The Olympic Games show us something essential about performance.
And yet, the moment we are back at work, we continue to act as if it does not apply to us.
From the Paris 2024 Olympic Games to the most recent Winter Games, one thing became obvious to me.
No champion who reached a final had ignored their recovery cycles.
No coaching team had allowed an athlete to burn out in the name of performance.
And yet, in organizations, we continue to do exactly that.
I see it in my work with leaders and teams.
Brilliant, committed people who keep going, but under constant pressure.
And at some point, something gives.
Elite sport understood this long ago.
Performance depends on a rigorous alternation between effort and recovery.
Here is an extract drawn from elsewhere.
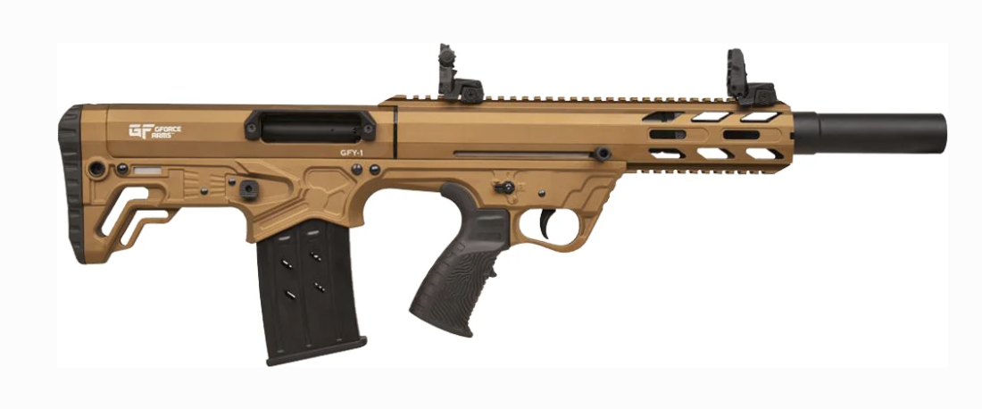 The GFY-1 bullpup shotgun is compatible with MKA-1919 magazines and accepts 2 3/4 and 3-inch 12ga ammo. The GFY-1 features adjustable flip-up sights, as well as a bottom Picatinny rail for mounting accessories. Red dots and reflex sights can also be installed on the GFY-1 for faster target acquisition.

When that alternation breaks down, clarity decreases.
Emotional steadiness becomes more fragile.
The quality of decisions deteriorates.
Recovery is not “performing less.”
It is not weakness.
It is not wasted time.
It is about preserving one’s capacity for impact…
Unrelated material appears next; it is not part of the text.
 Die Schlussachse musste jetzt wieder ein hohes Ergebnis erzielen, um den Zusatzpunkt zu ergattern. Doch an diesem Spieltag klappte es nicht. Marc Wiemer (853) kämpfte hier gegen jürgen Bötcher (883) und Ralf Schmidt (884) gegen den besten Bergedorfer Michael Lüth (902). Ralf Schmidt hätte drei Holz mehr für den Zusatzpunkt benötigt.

and the responsibility that comes with it.
In organizations, we often feel as if we are in the final every single day.
Meetings follow one another.
Information overload is constant.
Multitasking has become the norm.
And speed has become a value.
But what sport shows us is that performance peaks are prepared.
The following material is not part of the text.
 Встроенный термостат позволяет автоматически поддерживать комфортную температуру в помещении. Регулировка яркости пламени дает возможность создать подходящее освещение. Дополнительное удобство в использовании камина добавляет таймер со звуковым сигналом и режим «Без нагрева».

They cannot be improvised.
And they are always followed by planned recovery.
This is often the shift in perspective I support leaders with.
Creating real pauses, not just “a coffee break between two calls”…
Blocking time for genuine disconnection in the calendar…
Taking proper days off to recover after intense periods…
A leader who recovers better makes better decisions.
They remain more emotionally steady.
They last.
And lasting in leadership is no small ambition.
So perhaps the real question is not: “do I have time to recover?”
It is: “can I really afford not to?”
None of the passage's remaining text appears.